The Many Hats Of Motherhood
When I think about my mother I picture a very strong woman who persevered when others might have failed. She was left with a young child to raise on her own. My father came home from the Army one day, but when he left that was the last we ever saw of him.
My mom had a job at a local dairy where she was a bookkeeper. It was not a high-paying job, but it was a job in a time when many people were out of work. My grandparents stepped in to help take care of me. Eventually, mom gave up her apartment in favor of a couple rooms in my grandparents’ home. She paid room and board because she felt she owed her parents that for stepping up to help.
Grandma had an ulcer on her ankle that frequently opened and gave her trouble. I remember that she had some yucky green salve to use when the ulcer was open. Grandma had to keep her leg up when that happened. Everyone pitched in to do the work around the house. Wash days became wash nights. My mother did the wash when she got home from work. Doing the wash in those days was not a simple task. Grandma had a wringer washer and a set of wash tubs to rinse the clothes in. The clothes went through the wringer to dry them out before they were hung on the clothes line in the basement.
Grandma’s convalescence was usually a long one. Someone also had to step in and make the meals, plus do the cleaning and ironing. I was too young at the time to be much help. It was my job to bring things to grandma that she needed. I was old enough to help with the chores, but not do them on my own.
I remember those nights in the basement as good times. Mom and I had time to visit while we worked. That was a special treat because we did not have a lot of time together. Grandpa was not good at household chores, but he did what he could. Under my mother’s direction he ran the carpet sweeper, but he did not cook.
I remember that my mother did not really like to cook, either, but she did it. Our meals were different while grandma was sick. We had things that cooked quickly because mom made them after work. I could make soup and sandwiches so sometimes I surprised her and had that ready. Dessert was mostly some kind of fruit. I had that ready too.

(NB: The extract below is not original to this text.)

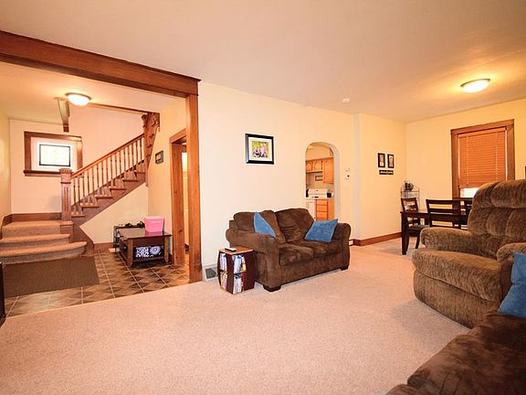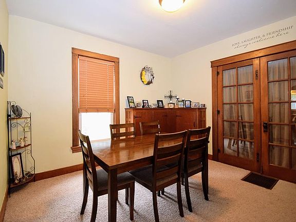 ACHIEVE THE AMERICAN DREAM! WELCOME TO THIS RELAXING 3 BEDROOM HOME WITH OPEN FLOOR PLAN AND BEAUTIFUL NATURAL WOODWORK. THE MAIN FLOOR FEATURES THE FOYER WITH A BEAUTIFUL STAIRCASE, LIVING ROOM, DINING ROOM, KITCHEN, LAUNDRY ROOM, HALF BATH & MASTER BEDROOM WITH FRENCH DOORS, SITING AREA & WALK IN CLOSET. UPSTAIRS FEATURES THE 2ND & 3RD BEDROOM, OFFICE AREA, BATHROOM & STORAGE. RELAX & ENJOY THE LARGE CORNER LOT WITH PRIVATE DECK, PLAY AREA AND PATIO WITH FIRE PIT. 2009 New furnace, fridge, stove, washer & dryer, 2010 New windows, 2012 New dishwasher, water heater, 2014 New roof & gutters, 2015, New humidier on furnace, 2016 Upstairs bathroom remodeled. Additional updates: chimney stabilized and removed from roof, new membrane on NW corner of house, also tuck pointed & resealed, new patio & landscaping, new window treatments, ceiling fans & light fixtures. Average utilities: Electric $117, Gas $43, Water/Garbage $58. City is stating there is room for a single stall garage or car port on the east side of the home. Variance can be requested possibly to adjust garage to a larger dimension. 100%USDA Financing Available for Qualified Buyers. No Down Payment!!
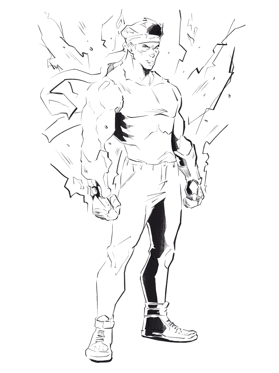Concept sketches and visual development work used to refine character design, movement, and storytelling decisions before final execution.

My mother never complained. I had a wonderful childhood. I had all I needed, but not always all I hoped to have. The budget was tight. Mom could afford the necessities, but not much else. When Grandma was feeling good she sewed clothes for me. I only remember two store-bought dresses that I had.
My mother was also the nurse. When I did not feel well she took care of me. If I woke up in the middle of the night she was always there.
She ran the car pool when I belonged to Brownies and Girl Scouts. She also helped me deliver those Girl Scout cookies each year. She could not volunteer to chaperone any scouting events because she worked, but she helped in any way she could.
Too often we do not give credit where credit is due. All children are the same. They take their parents for granted. Oh, I made Mother’s Day cards and bought a small token of my appreciation, but what is that compared to the amount of time mom invested in me.
When I became a mother I was delighted. I learned a lot just by being a mother. I did not really have Mother’s Day in those days. I was busy seeing that my mother and mother-in-law enjoyed their day. Frequently I made dinner for all of us. I did not feel bad; I knew that eventually my day would come.
As a mother it was my turn to play nurse, to drive the car pools and go to PTA. It was my turn to teach Sunday school, direct the youth choir, and with the help of other mothers, keep the youth group at church going.
At home I was the laundress, the cook, the cleaning lady, the yard cleaning crew and whatever else that needed to be done. My days were busy. There was not even time to sit down and watch television. Of course, I never had time to read a book. I was always tending to someone’s needs. Those were the days. I relished each and every one of them. I loved being a wife and mother. I loved helping my husband with farm chores. It was not work, it was just what I did.
Now, I am the grandmother. I am treated to meals made by my children or a day at a restaurant. I do not need gifts. I buy what I need. I need the time that my family spends with me. I love the fact that they include me in family events. A pick up meal at someone’s house is a treat. I never say no when I am invited to eat at one of their homes.
If you are fortunate enough to have your mother still around, spend time with her. That means more than all of the gifts you could produce.
The Bible says, “Honor your father and your mother, so that you may live long in the land the Lord your God is giving you.” Exodus 20: 12 (NIV)
Happy Mother’s Day to all – enjoy a time of family togetherness.